Paradójicamente, parece que en la actualidad han aumentado exponencialmente los casos de corrupción en España. Sin embargo, desde nuestro punto de vista, lo que se ha producido es una inversión de los papeles. Por fin, los jueces han decidido continuar con sus investigaciones, afecten a quien afecten, siempre con la seguridad de que la revolución de los indignados ampara sus indagaciones.

El gran cambio que se ha producido en estos años es que la transición digital y el avance de internet han sobrepasado la capacidad de los periodistas para llevar a cabo investigaciones genuinas, todo ello en un contexto de reorganización de los medios que ha afectado decisivamente a su trabajo en beneficio de una suerte de redifusión constante de las informaciones procedentes de los juzgados, que ya de por sí son numerosas y sustanciales, pero que han banalizado los contenidos periodísticos, sucumbiendo al espectáculo de la televisión y al modelo heredado de los formatos típicos de los programas del corazón.

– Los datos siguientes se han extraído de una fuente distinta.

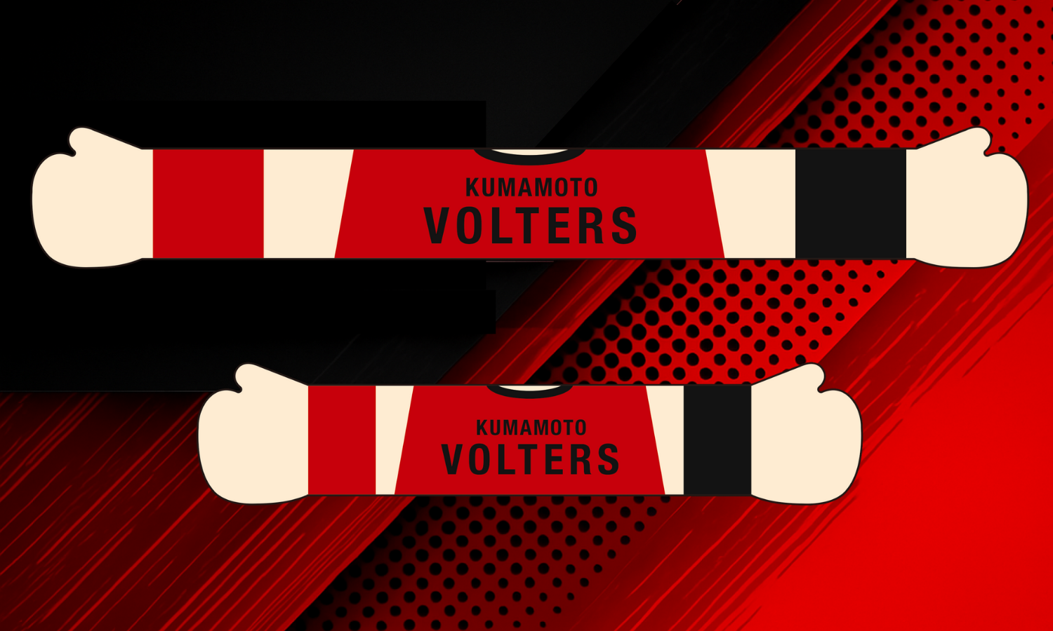 手を入れて使うユニークなマフラータオル。ヴォルターズのフリースロー時には、ぼるたんと一緒に「Vきゅうぽーず」で、選手にパワーを送ろう!
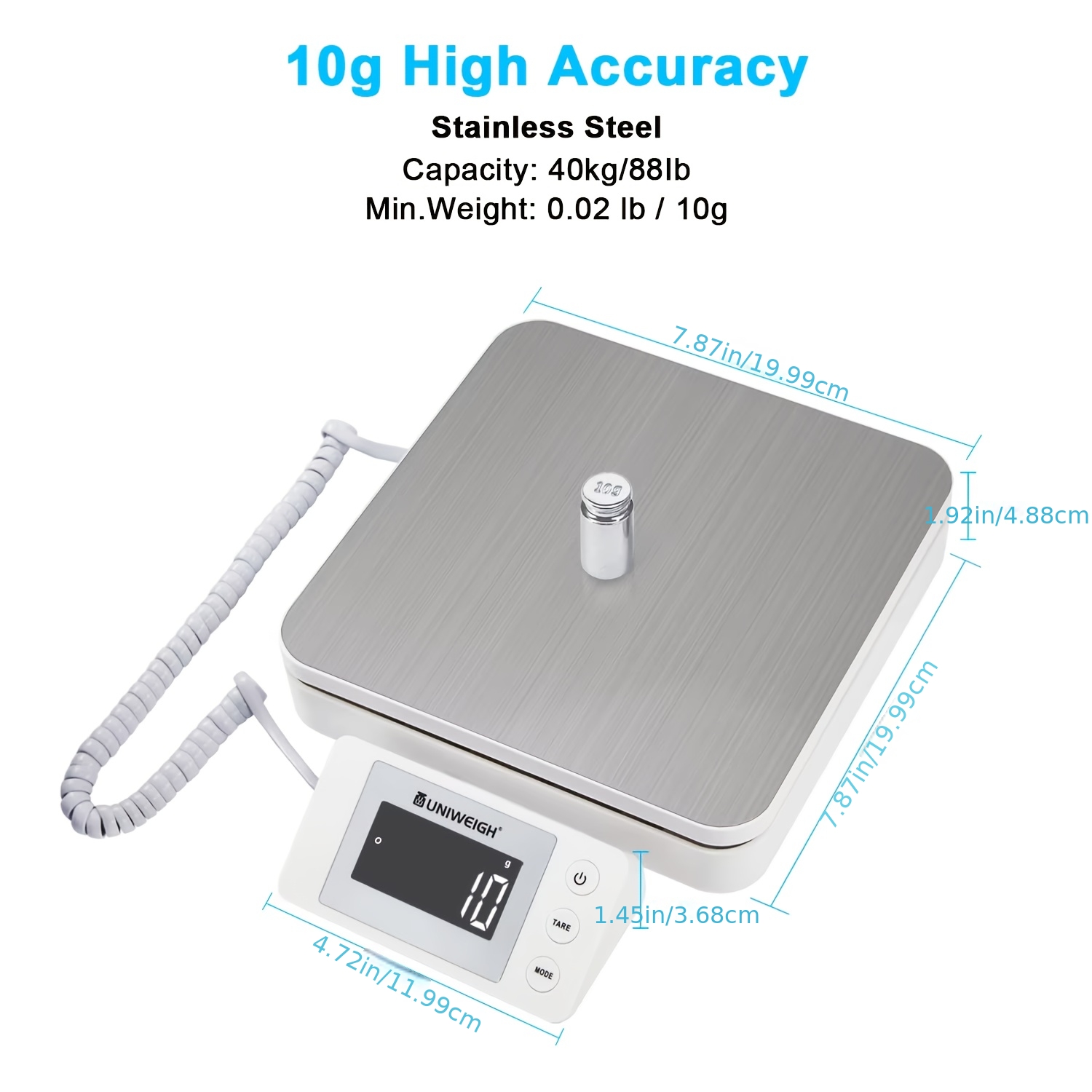• Digital Postal Shipping Scale 40kg/88lb with Tare LCD Display for Small Business Mail Warehouse Luggage Parcel And Personal Use
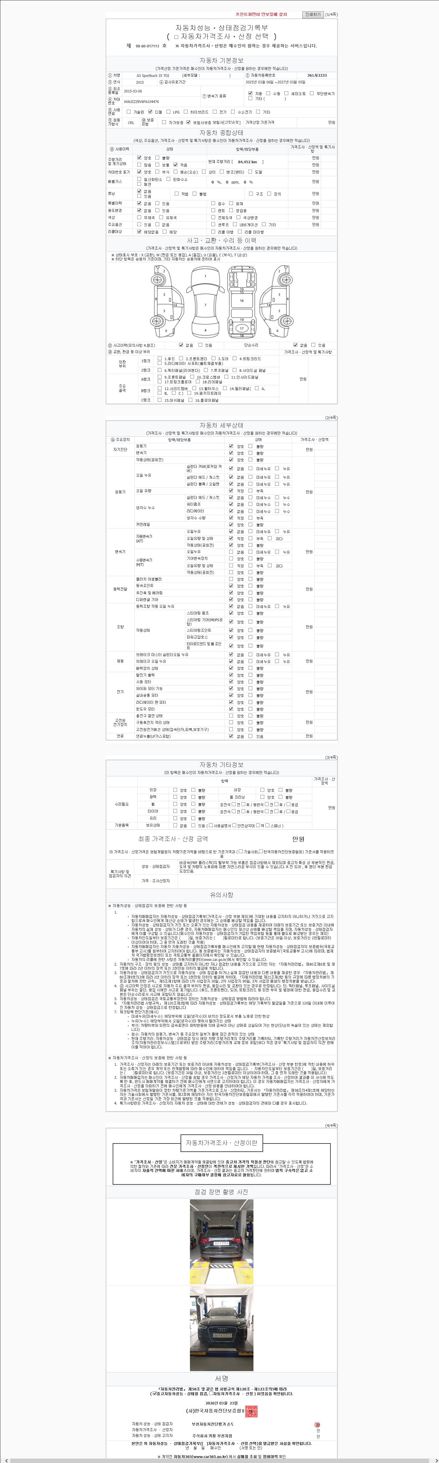 -중고자동차 매매업자를 통해 차량을 구입하실 경우 반드시 "중고자동차 성능, 상태점검 기록부"를 교뷰 받으셔야 하며, 매매업자는 반드시 의무 교부 하여야 압니다.

La gran estafa de algunos presentadores de televisión es llamar a eso periodismo de investigación y presentar las crónicas judiciales de sus colaboradores, siempre teñidas de opinión, como muestras inefables de un periodismo heroico que en realidad no es más que la dinamización de un viejo formato televisivo inventado antes por los activos programas del entretenimiento y el corazón.